The adage recommends investors divest their equities at the beginning of May, then re-invest on St Ledger’s race day in September, because markets are quieter and historically underperform during the summer months.
However, the data supporting this is far from clear. Over the last 34 years, Willis Owen’s analysis shows the FTSE 100 ended down in 17 out of the 34 summer periods from 1986 to 2019 as an index, but with dividends reinvested investors were only better off by selling in May on 12 occasions.[i]
Adrian Lowcock, Head of Personal Investing at Willis Owen, said the increase in volatility witnessed this year – and the big falls in markets seen since October 2019 – make the notion of taking time out of the market an additional risk which many investors may not want to take, particularly as timing your entry back into the market can be extremely difficult.
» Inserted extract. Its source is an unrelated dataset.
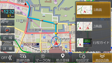 [1画面][2画面][行程ガイド]のいずれかにタッチすると、選んだ地図表示に切りかわります。
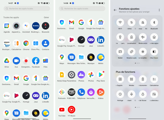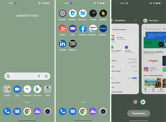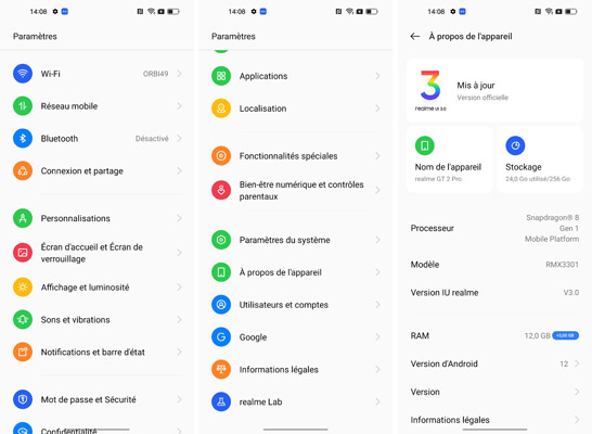 Le realme GT 2 Pro est animé par le système Android 12 avec une surcouche logicielle realme UI 3. Nous avons pu tester l'appareil dans sa version RMX3301_11_A.09. L'interface ressemble beaucoup à celle proposée au sein de ColorOS, le système embarqué sur les mobiles Oppo. Les paramètres sont organisés exactement de la même façon. On a droit à un très bon niveau de personnalisation avec des couleurs qui peuvent être puisées depuis l'image en fond d?écran pour une meilleure harmonisation. Il y a une barre latérale pour accéder rapidement à certaines applications ou fonctionnalités du mobile. Le gestionnaire multitâche permet de voir toutes les applications en cours d'exécution, de fermer certaines et d'en ouvrir d'autres via un écran scindé en deux. On peut changer la forme des icônes et leur style. Le Google Discover est disponible en faisant glisser la page d'accueil vers la droite. Par défaut, plusieurs applications sont installées : Booking.com, Boutique Amazon, Clone Phone, LinkedIn, Notes Keep, PUBG Mobile.

“Sell in May has triumphed on occasion as investors focus on the important things in life, such as holidays, in the summer months,” he said.
“However, as an investment strategy, it is far from failsafe. This year, with volatility much higher than normal, it is difficult to forecast returns on investments, with many companies unwilling, or unable, to predict their profitability for the rest of the year.
“With the Coronavirus (COVID-19) crisis in only the first phase, and with current figures reflecting a mirage caused by the lockdown, taking time out of the market now is an additional risk for investors to take.
“We are at the end of the beginning, not the beginning of the end. Life after lockdown will bring some psychological relief but when professional investors start focusing on fundamentals and more data comes through, it will be some time until the situation returns to anything like normality.”
1Source: Willis Owen analysis of the performance of the FTSE 100 on Price Return and Total Return basis in pounds sterling from 1 May 1986 to 22nd April 2020.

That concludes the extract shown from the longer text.